(Task prompt) Print exactly, and only, the lines from the one that has "The fifth report" through the end of the material below, with both ends included and the pictures omitted.

Stored data Start Marker

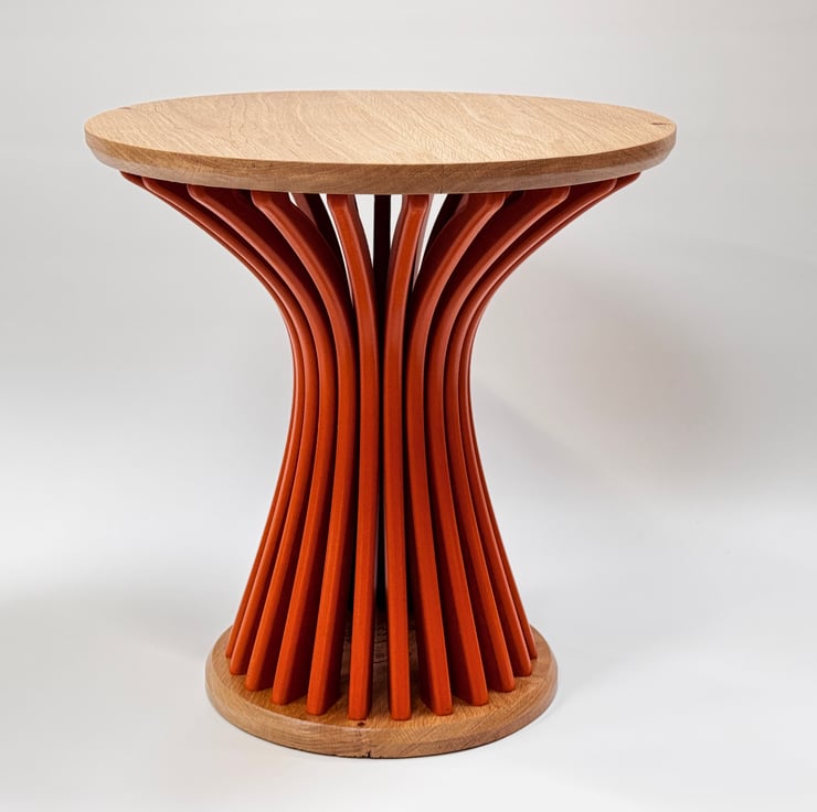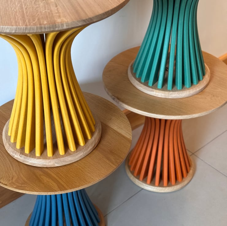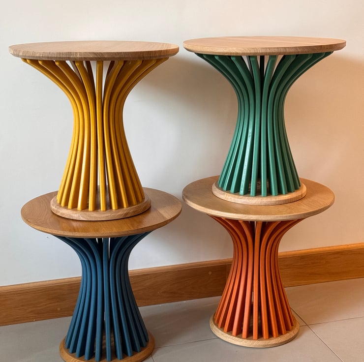 After many years of making bespoke furniture i wanted to design a colourful curvy side table that I could make in batches to spend time refining the design and the process of creating a system in which I could sell beautiful furniture without the high price of one off bespoke builds.
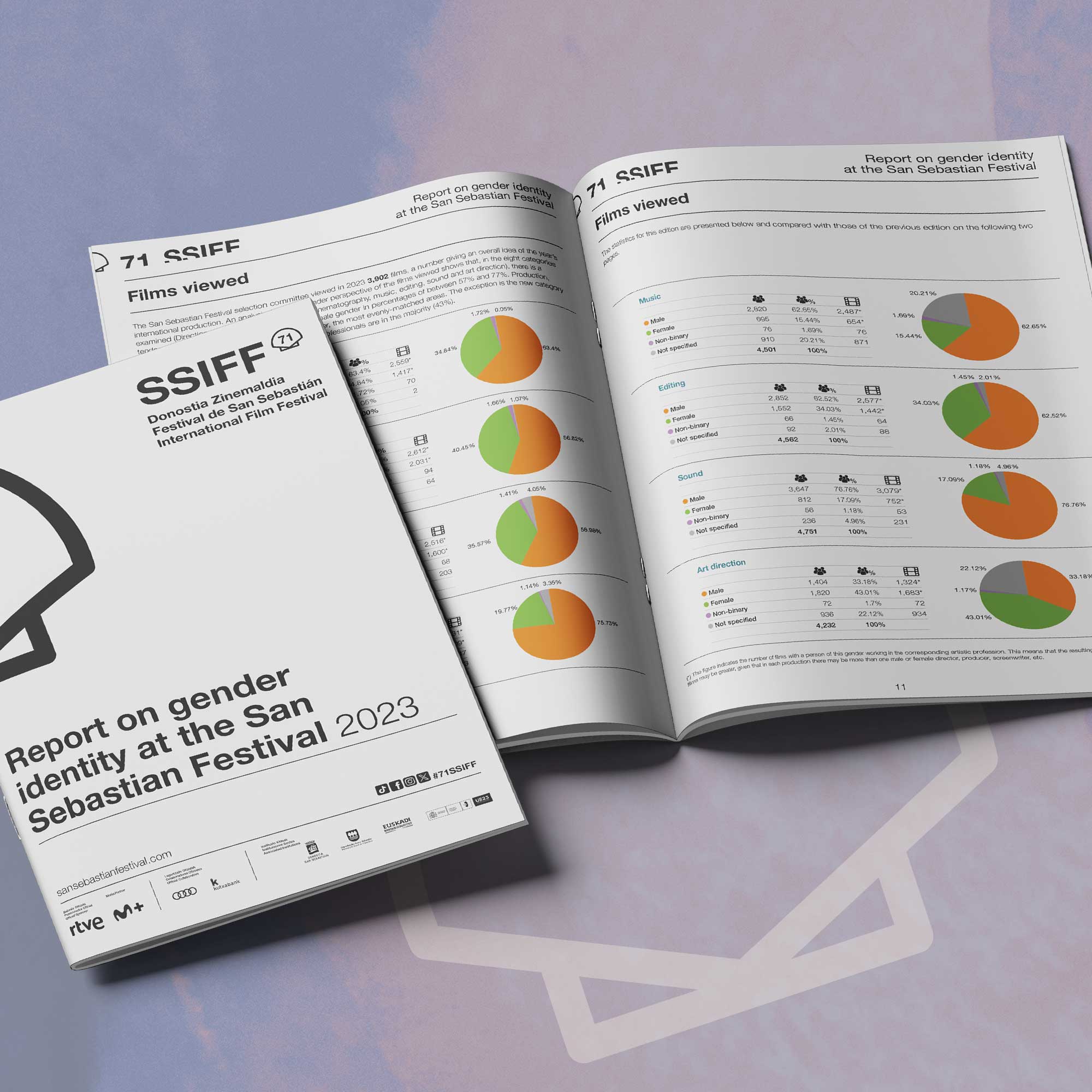 The fifth report drawn up by the San Sebastian Festival from the gender perspective once again increases the scope of its study in 2023 to include the analysis of accreditation-holders and a new professional category: art direction. The aim of this detailed study is to obtain an x-ray showing as precisely as possible the consideration and involvement of women professionals in the film industry. This is an area in which the Festival aims to take an active part rather than simply witnessing its progression.
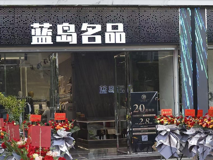 蓝岛名品位于福州市福清市元洪路诚丰世纪园10号楼105,门头采用无边发光字,LED彩屏,铝挡板穿孔亚克力底板发光,不锈钢背发光字,软膜灯箱,软膜天花。广告与装饰的结合擦出高档的火花。

Stored data End Marker

(Answer to the problem)
 The fifth report drawn up by the San Sebastian Festival from the gender perspective once again increases the scope of its study in 2023 to include the analysis of accreditation-holders and a new professional category: art direction. The aim of this detailed study is to obtain an x-ray showing as precisely as possible the consideration and involvement of women professionals in the film industry. This is an area in which the Festival aims to take an active part rather than simply witnessing its progression.
 蓝岛名品位于福州市福清市元洪路诚丰世纪园10号楼105,门头采用无边发光字,LED彩屏,铝挡板穿孔亚克力底板发光,不锈钢背发光字,软膜灯箱,软膜天花。广告与装饰的结合擦出高档的火花。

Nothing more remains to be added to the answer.